Карпов Степан (1890-1929)
Портрет художницы С.В. Рянгиной
1924
Размер - 35 x 31
Материал - дерево
Техника - масло
Инвентарный номер - ЖС-50
Приобретено у Б.Н. Яковлева (Москва). 1955
Серафима Рянгина (1891–1955) – жена и единомышленница автора, бывшая рядом с ним и в первый год революции, когда оба художника покинули Академию в знак протеста против авангардистской реформы образования, и в Оренбурге, где они пережили Гражданскую войну, и позднее – во время первых столичных успехов.

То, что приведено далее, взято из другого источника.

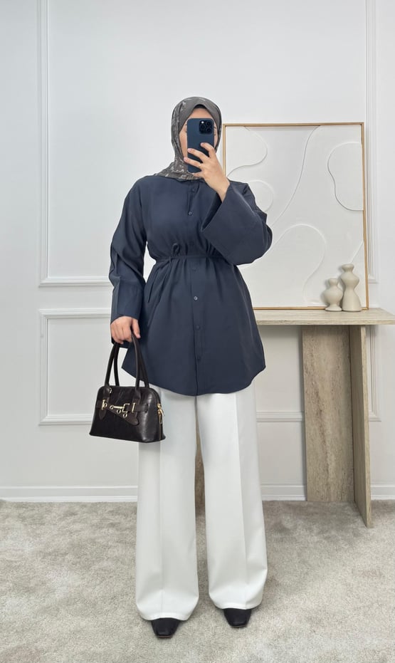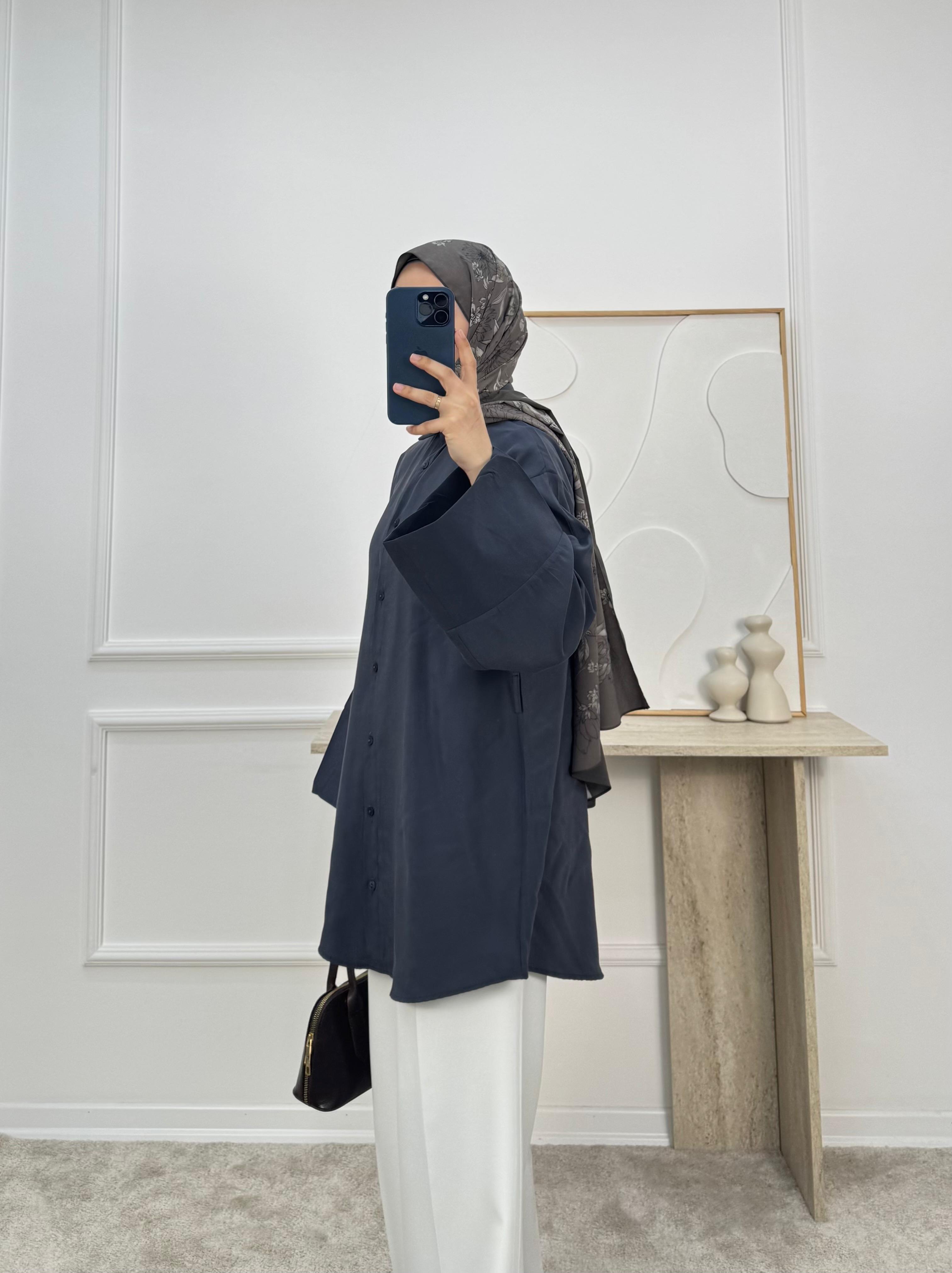 1512-cupra kumaş kuşaklı gömlek-füme (1512)

Камерный, даже интимный характер портрета не кажется типичным для монументалиста Карпова. Тем более что он написан в период интенсивной работы над масштабными картинами-аллегориями, утверждавшими принципы неоклассицизма на выставках АХРР и выдвинувшими художника в первые ряды «борцов за реализм». В своей борьбе Карпов противостоял не только радикальному авангарду из многочисленных «левых» объединений 1920-х годов, но и неопередвижничеству в АХРР.
Неизвестно, как воспринимались бы сегодня творческие установки художника, останься он только «картинщиком», но, к чести Карпова, его всегда занимала высокая идея самосовершенствования, осмысления самой природы «натурализма». На этом пути мастер, уже получивший широкое признание, предпочел самозабвенно трудиться над сериями небольших натурных постановок из арсенала школяров, то есть возвратился к учебе. Его штудии (различные предметы быта, гипсовая маска Лаокоона), исполненные с большой тщательностью и вниманием к натурному объекту, скорее напомнят гиперреалистические опусы, чем работы живописца середины 1920-х годов.

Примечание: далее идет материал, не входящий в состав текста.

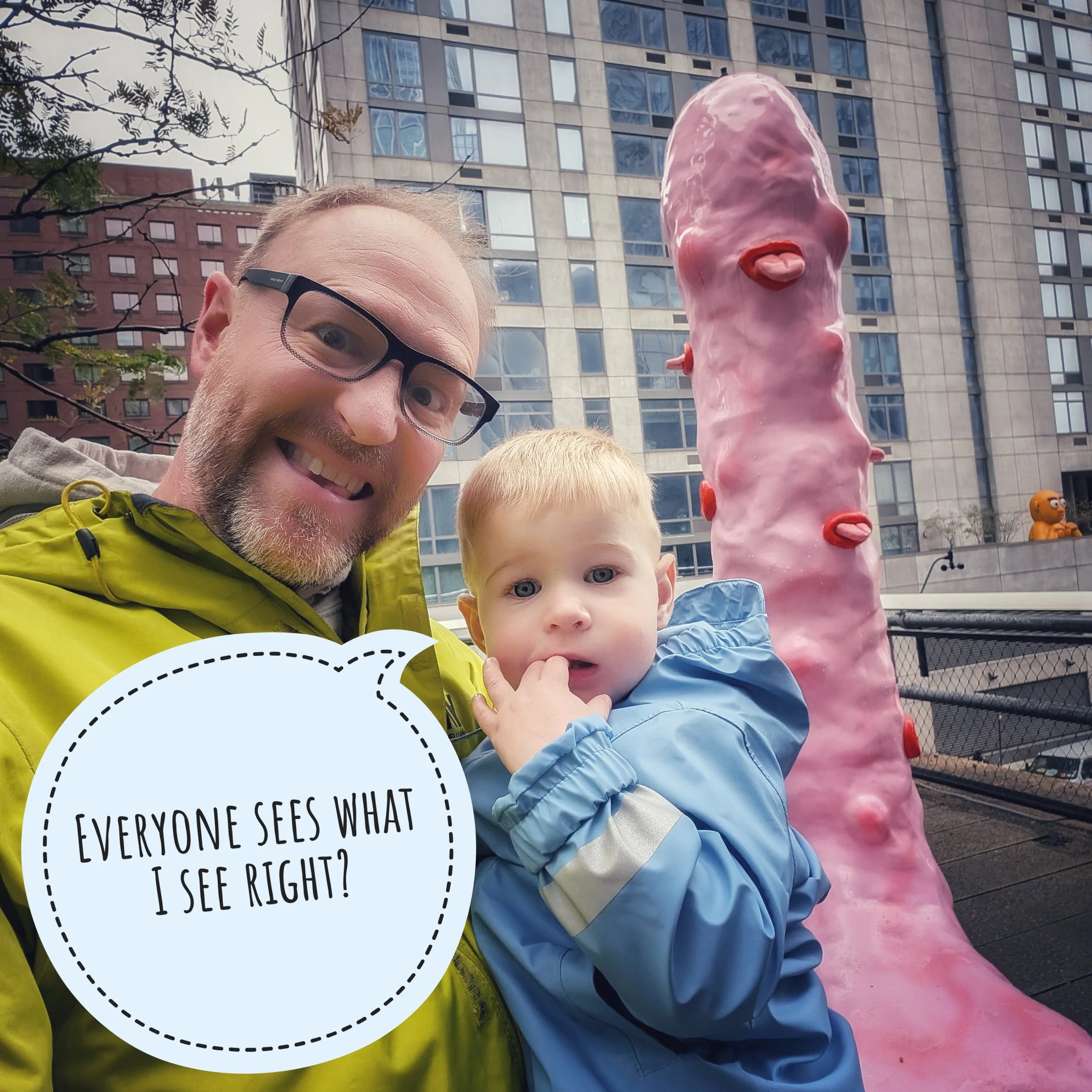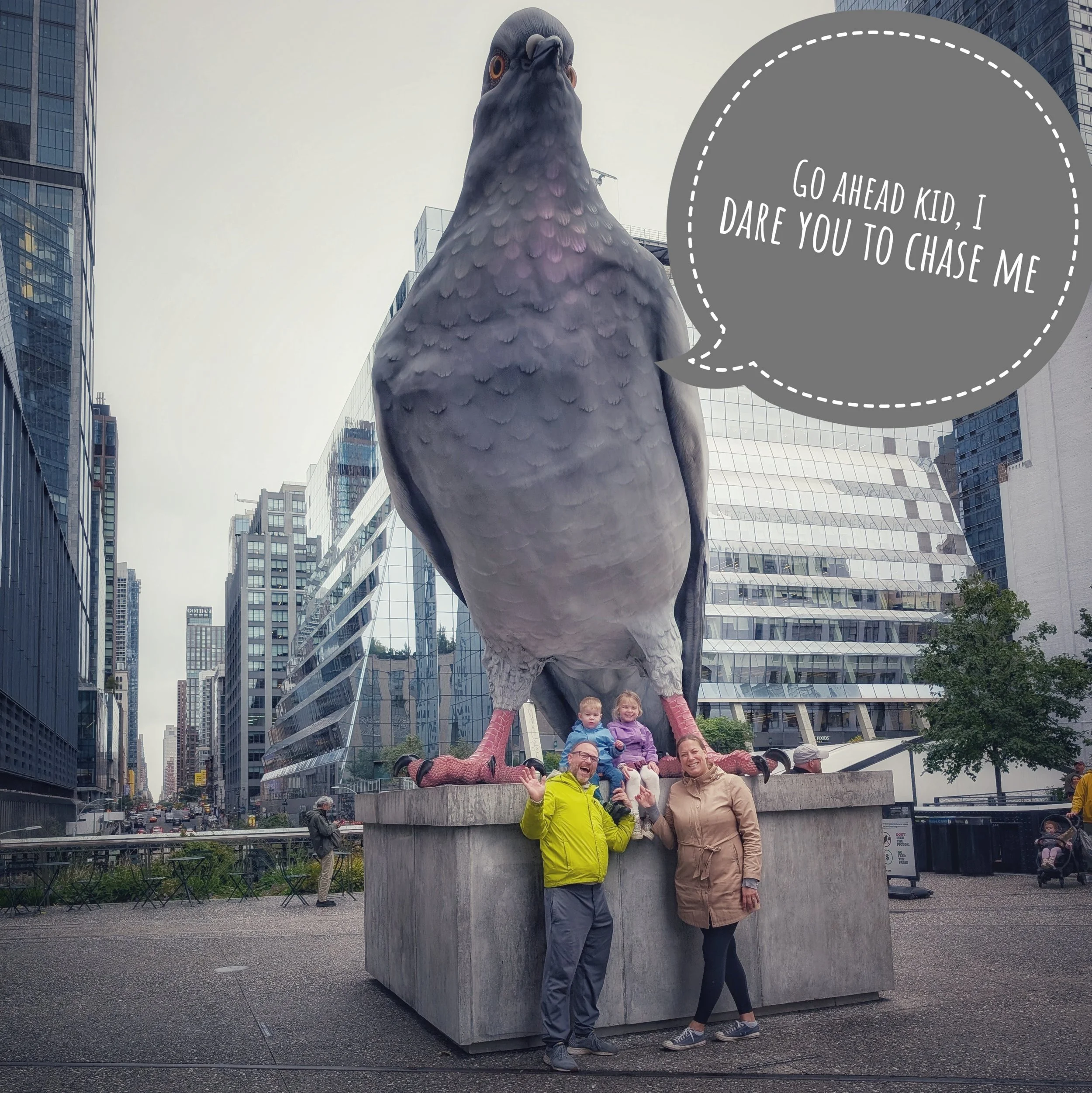 Another feature along the High Line is a gigantic pigeon. Wesley, brave in all things except large birds, takes one look and decides today is not the day. No chasing. No eye contact. Just quiet respect and a wide berth.

Закономерным результатом учебно-исследовательской программы Карпова стали портреты близких, и прежде всего жены («…никакая натура не могла бы так упорно и настойчиво во всякое время быть наготове одновременно с художником»). Но заметим, портрет Рянгиной из Третьяковской галереи написан на иконной доске, лицо модели максимально приближено к зрителю. Художник подчеркивает эффект свечения ее лица…
В стремительно меняющейся, бурлящей художественной ситуации первого послереволюционного десятилетия карповский воинствующий «натурализм», основанный на бесконечном интересе к предмету изображения, остался актом художнической честности.